Skip pictures in the listing below; copy exactly the lines from the one with "Можно также использовать" through the one with "Avery Neon Yellow", inclusive.

Input data =
= = = = =

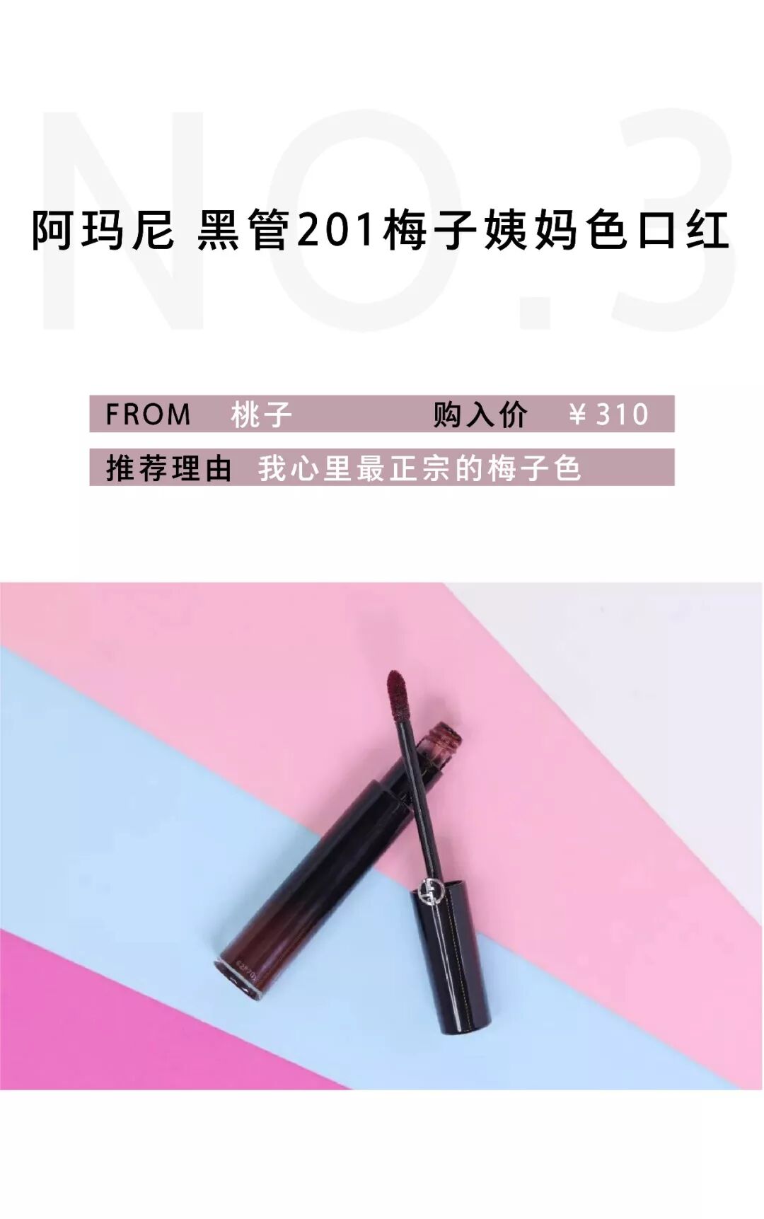这支阿玛尼黑管#201唇釉,妥妥的姨妈梅子色,上嘴精致的气场,完全就是我心正宗的姨妈梅子色代表了~大冬天用,不干也不沾杯,我真的要为它疯狂打Call!!!
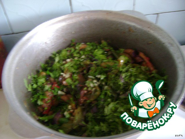 Можно также использовать хвостики от баклажанов.Очистить их от веточки и добавить к синеньким.
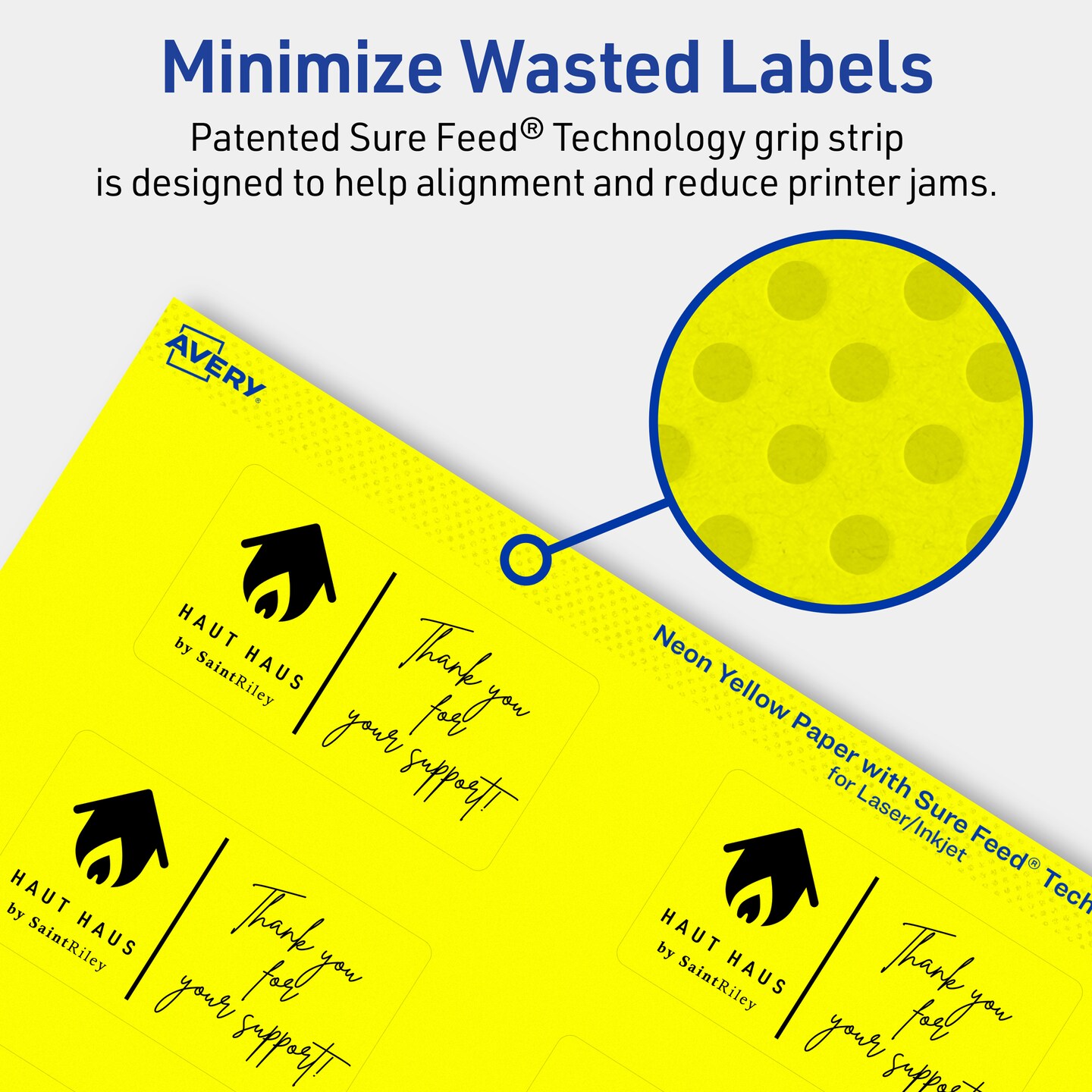 Avery Neon Yellow Paper Labels, 1.5" x 2.75" Rectangle
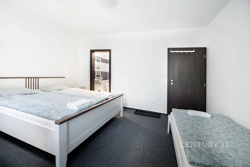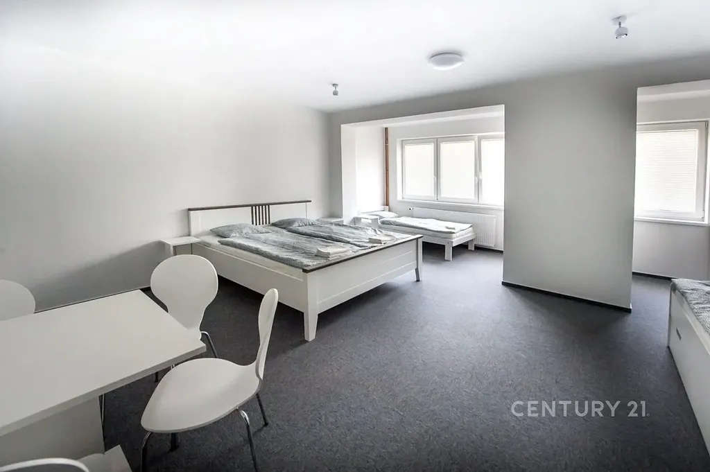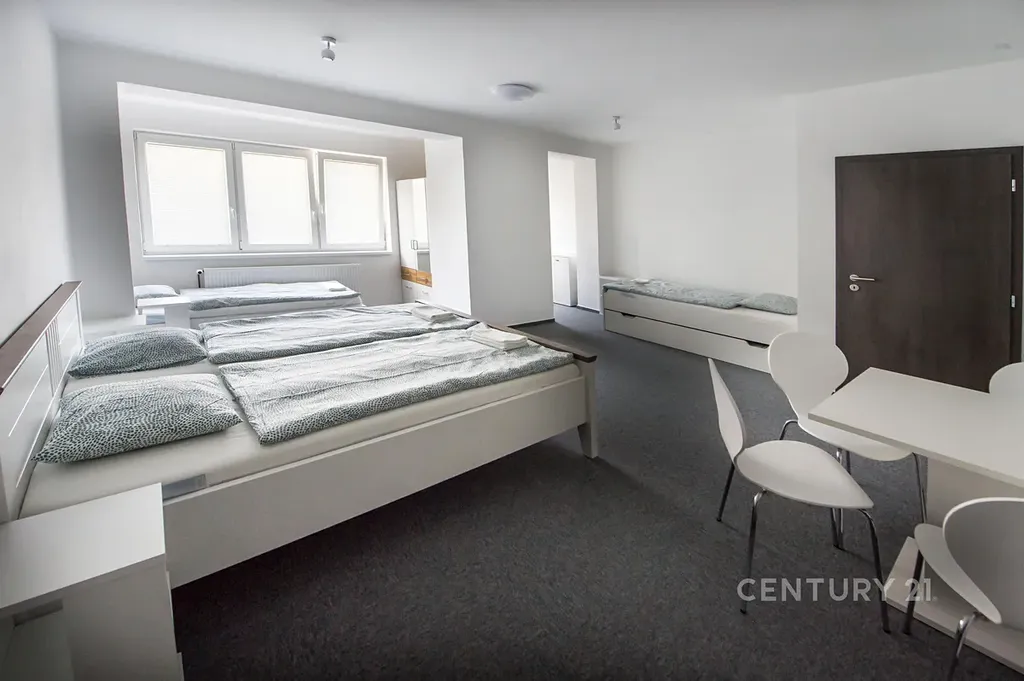 Nabízíme vám k prodeji řadový rodinný dům v Mostě Souši. Dům je po celkové rekonstrukci upravený na ubytovací zařízení. Je zateplený, má čtyři nadzemní podlaží. Výměra parcely je 279 m², vnitřní užitná plocha je 312 m². Nemovitost disponuje 26 lůžky. V prvním nadzemním podlaží jsou vybudovány dva apartmány (čtyřlůžkový a třílůžkový). Oba apartmány mají koupelnu a WC. V třílůžkovém apartmánu je i kuchyňská linka a má venkovní terasu s přístupem na zahradu. V druhém nadzemním podlaží jsou čtyři pokoje: dvoulůžkový, třílůžkový (tyto pokoje mají společné WC a koupelnu). Dále jsou tu dva třílůžkové pokoje s vlastní koupelnou i WC. Ve třetím nadzemním podlaží se nacházejí tři pokoje. Jeden je dvoulůžkový, zbývající dva jsou třílůžkové. Tyto pokoje mají společnou terasu. Na tomto patře je společná kuchyně a jsou tu dvě koupelny s WC. V přízemí se nachází garáž, tři místnosti, technická místnost a prádelna. Tato nemovitost má polohu na okraji Mostu, přímo naproti vjezdu do autodromu. Nedaleko je nádrž Matylda, která nabízí spoustu volnočasových aktivit, blízko je to i k mosteckému jezeru a na hrad Hněvín. Veškerá občanská vybavenost je v centru města, které je poblíž. Nemovitost je vhodná jako investice s velkým potenciálem, prodává se včetně vybavení. Zavolejte si pro další informace nebo si rovnou domluvte prohlídku. S případným financováním vám rádi pomůžeme.

= = = = =

Task output =
 Можно также использовать хвостики от баклажанов.Очистить их от веточки и добавить к синеньким.
 Avery Neon Yellow Paper Labels, 1.5" x 2.75" Rectangle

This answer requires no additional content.